### ACTIVITY
A single number is the answer here: how many lines of the entries contain "behagelig"?

### DATA TO EXAMINE
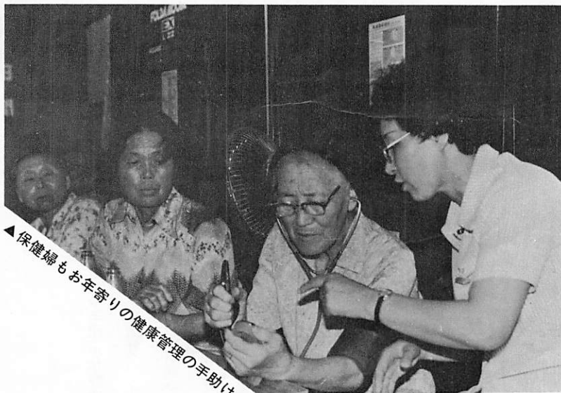
▲保健婦もお年寄りの健康管理の手助け
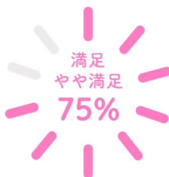
施設サービス満足度
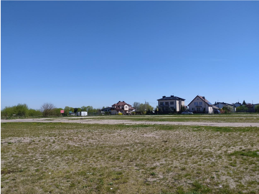
Rys. 9. Widok w kierunku zachodnim
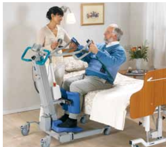
Med SARA 3000 kan én pleier løfte beboeren opp i stående stilling, sikkert og behagelig.

SARA 3000 gjør arbeidet lettere for pleierne. Den krever ingen manuelle løft, og én pleier kan dermed utføre trygge forflytninger. Den løfter beboeren til oppreist stilling samtidig som den gir maksimal støtte for overkroppen. Den ergonomiske utformingen gjør at SARA 3000 er enkel og behagelig å betjene og styre. Enkel betjening ved hjelp av håndkontroll eller betjeningspanel på masten gir trygg og effektiv forflytning, så pleieren kan konsentrere seg mer om å oppmuntre beboeren til å bidra aktivt i forflytningen.
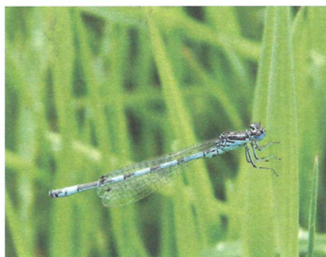
▲ Agrion de Mercure
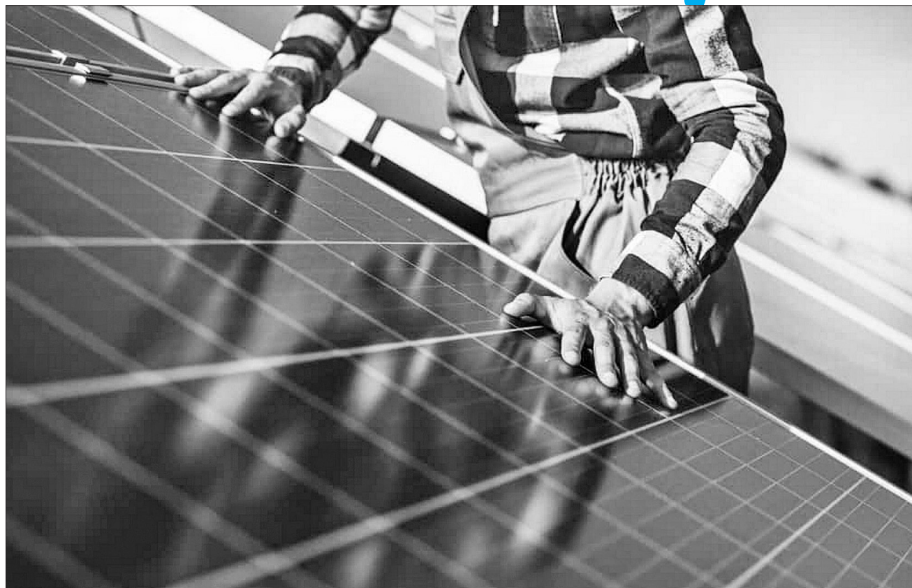
Урядовці двох країн обговорювали, зокрема, розбудову розподіленої генерації
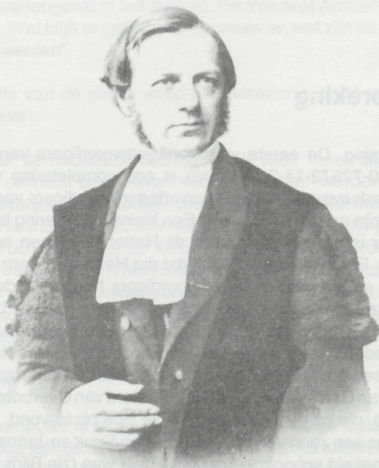
C. H. D. Buys Ballot – 1817-1890.

Het notarieel archief van Vaassen en Epe uit de negentiende en begin twintigste eeuw is een belangrijke informatiebron voor de genealogisch of lokaal-historisch onderzoeker. Men komt er tal van aktensoorten in tegen: verkopen van roerend en onroerend goed, testamenten, boedelinventarissen of hypotheekakten, om er maar een paar te noemen. Meestal was het de plaatselijke bevolking die gebruik maakte van de diensten van de notaris, maar dat was geen vaste regel. Zo gingen de Vaassenaren en Epenaren soms naar de notaris in bijvoorbeeld Apeldoorn. Ook andersom treffen we in het notarieel archief van onze gemeente mensen van buiten aan. Zo kunt u uw voorvaders tegenkomen naast de namen van beroemdheden uit heel Nederland.
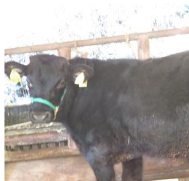
おやまんくちの牛
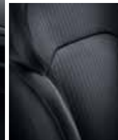
Temno blago (kontrastni šivi)
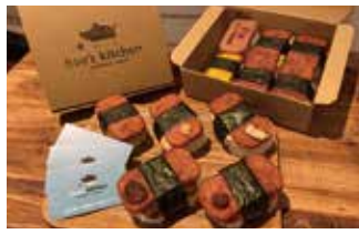
おにぎり・惣菜 ブーズ キッチン 16席 1 ¥140～
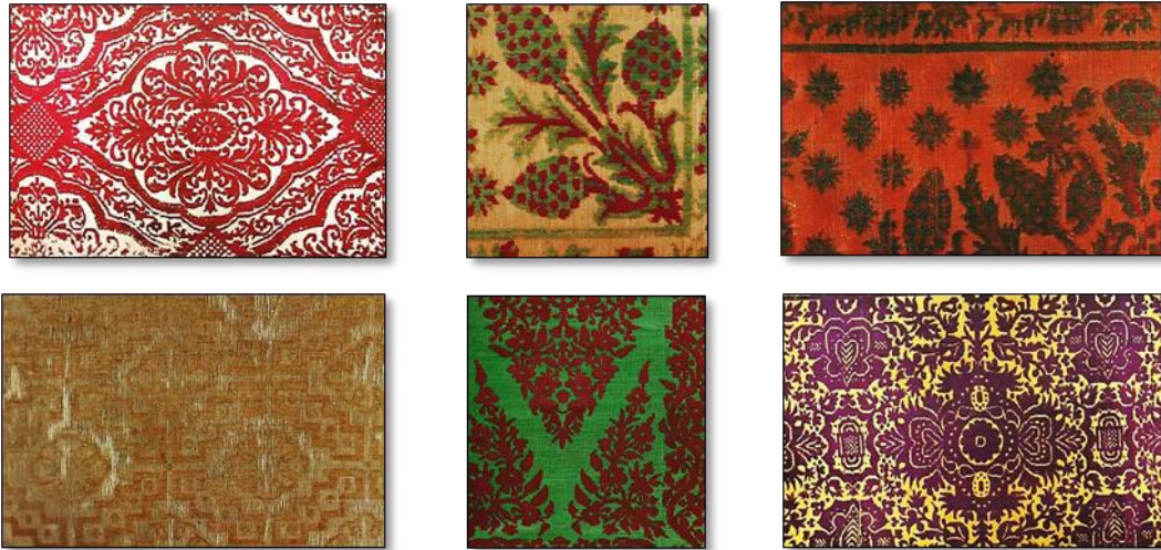
Resim 15. Çatma Dokuma Kumaş Örnekleri.

Bursa, Bilecik ve Üsküdar çatmaları dünyaca ün yapmışlardır. Sade çatma, münakkaş çatma (desenli), müzehhep çatma (gümüş ve altın alaşımli tellerle dokunmuş) olarak isimlendirilen bu çatmaların (1481-86) sancağa çıkan şehzadelere verilen eşyalar arasında “Mirahuri Kaftan Bursa Çatma Kadifesindedir ki altunludur” şeklinde arşiv kayıtları bulunmaktadır. 22
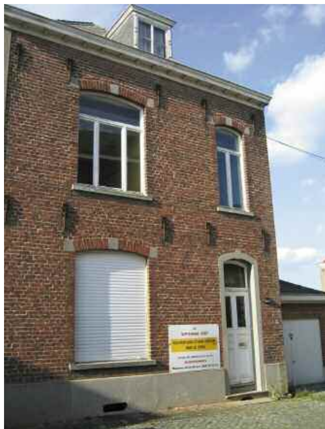
La crèche avant les travaux

C'est ainsi que notre commune se voit dotée d'un instrument supplémentaire dans sa politique d'accueil de l'enfance.
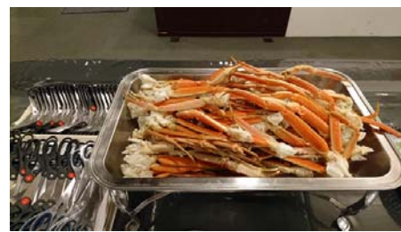
カニのメニューも
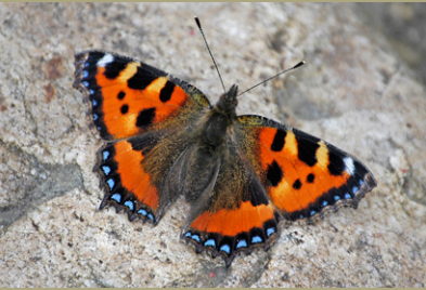
Kleiner Fuchs
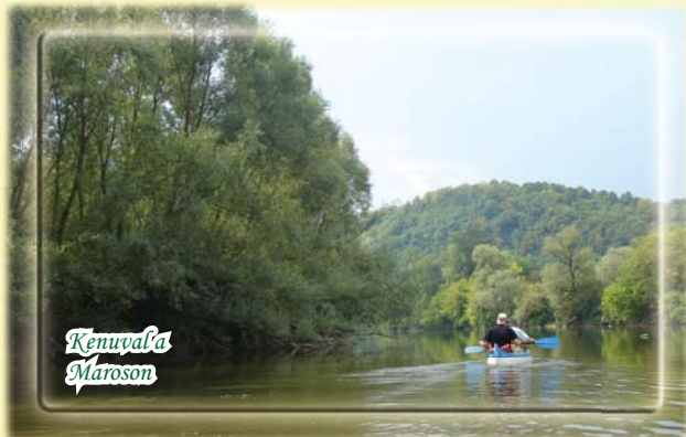
Kenuzás a Maroson

Arad megye egyik jellegzetessége a Maros folyó és környezete, kenuzásra és kerékpározásra csábítja a látogatót, hogy megtapasztalja e táj sokoldalú szépségeit.

### SOLVED EXERCISE
2